Scientists do not know what causes dyspraxia. Experts believe the person’s nerve cells that control muscles (motor neurons) are not developing correctly. If motor neurons cannot form proper connections, for whatever reason, the brain will take much longer to process data.

Experts at the Disability and Dyslexia Service at the Queen Mary University of London, U.K., say that studies suggest dyspraxia may be caused by an immaturity of neuron development in the brain, rather than any specific brain damage.

A report from the University of Hull in England says that dyspraxia is “probably hereditary: several genes have been implicated. Often, there are many members within a family who are similarly affected.”
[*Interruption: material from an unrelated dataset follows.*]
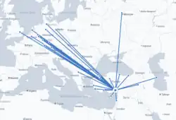 AJet Ankara,[12] Beirut,[13] Ercan,[12] Istanbul–Sabiha Gökçen[12]

Although dyspraxia is not curable, with treatment, the individual can improve. However, the earlier a child is diagnosed, the better their prognosis will be. The following specialists most commonly treat people with dyspraxia:

Occupational therapy

An occupational therapist will evaluate how the child manages with everyday functions both at home and at school. They will then help the child develop skills specific to daily activities which they find difficult.

Speech and language therapy

The speech-language pathologist will conduct an assessment of the child’s speech, and then implement a treatment plan to help them to communicate more effectively.

Perceptual motor training

This involves improving the child’s language, visual, movement, and auditory skills. The individual is set a series of tasks that gradually become more advanced – the aim is to challenge the child so that they improve, but not so much that it becomes frustrating or stressful.
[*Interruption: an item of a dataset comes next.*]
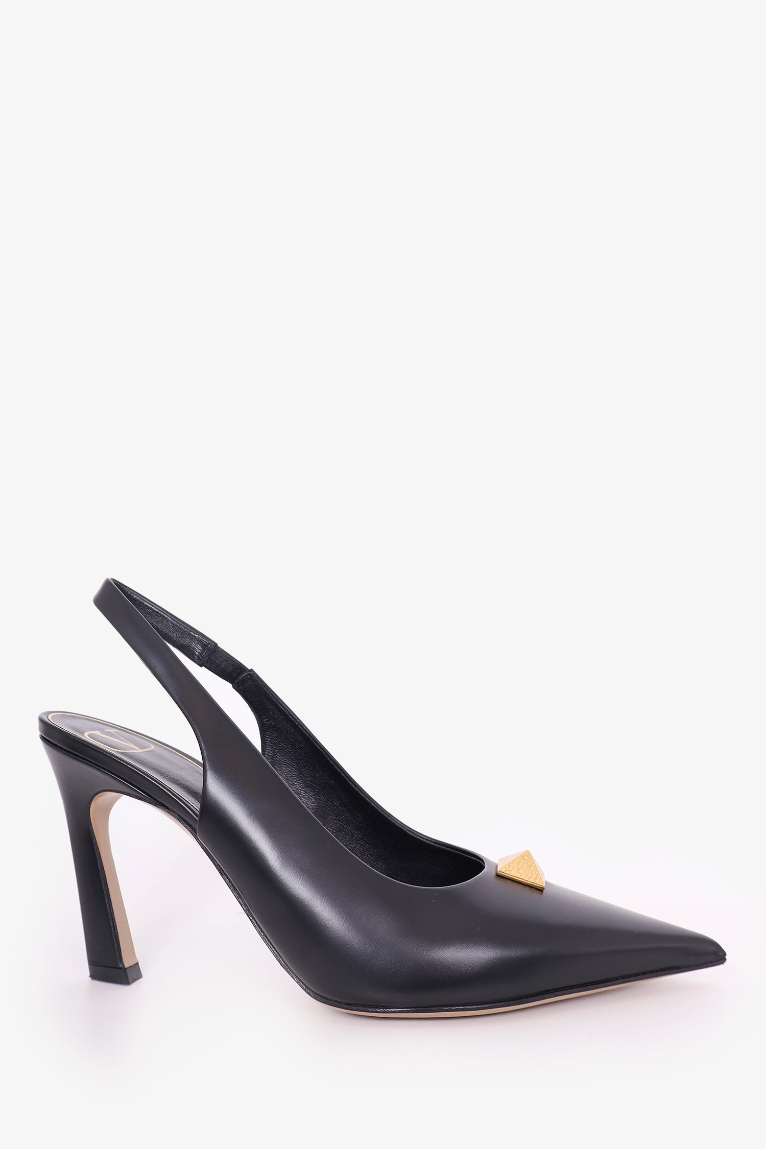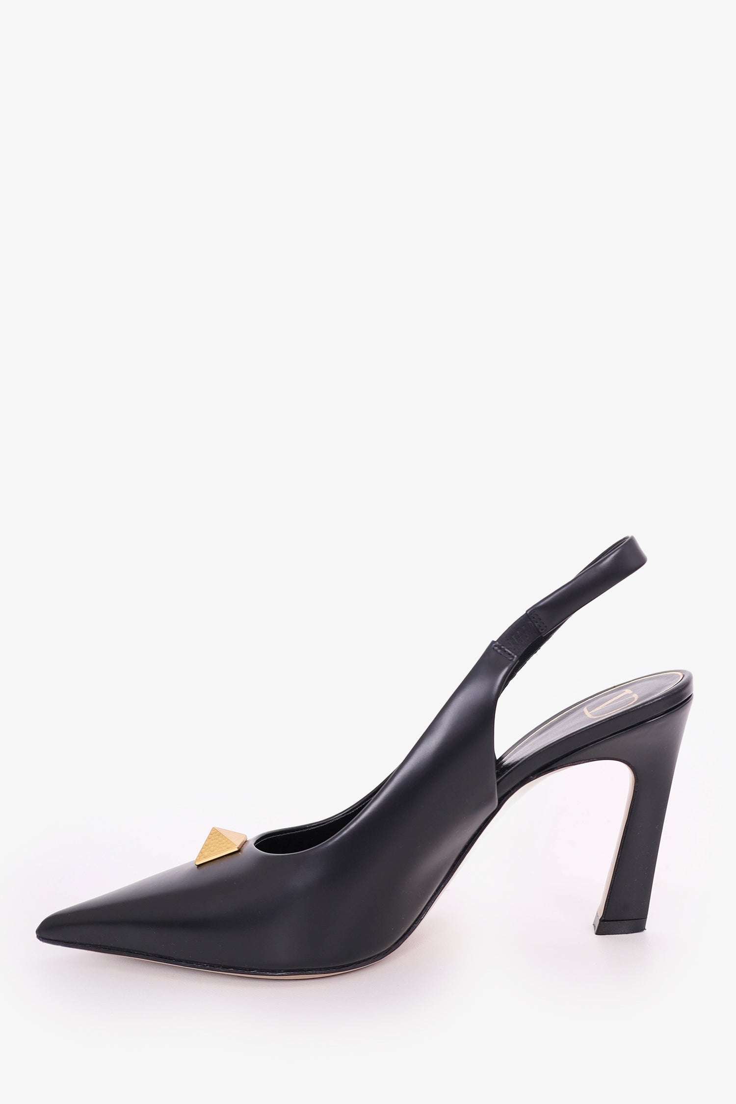 Refresh availabilityValentino Black Leather One Rockstud Slingback Heels. Pointed toe. Stiletto heel. Tonal stitching.

Equine therapy for dyspraxia

In a study published in the Journal of Alternative and Complementary Medicine, a team of Irish, British, and Swedish researchers evaluated the effects of equine therapy (therapeutic horse-riding) on a group of 40 children aged 6-15 years with dyspraxia.

The children participated in six horse-riding sessions lasting 30 minutes each, as well as two 30-minute audiovisual screening sessions.

They found that riding therapy stimulated and improved the participants’ cognition, mood, and gait parameters. The authors added that “the data also pointed to the potential value of an audiovisual approach to equine therapy.”

Active Play

Experts say that active play – any play that involves physical activity – which can be outdoors or inside the home, helps improve motor activity. Play is a way children learn about the environment and about themselves, and particularly for children aged 3-5; it is a crucial part of their learning.

Active play is where a very young child’s physical and emotional learning, their development of language, their special awareness, the development of what their senses are, all come together.

The more children are involved in active play, the better they will become at interacting with other children successfully.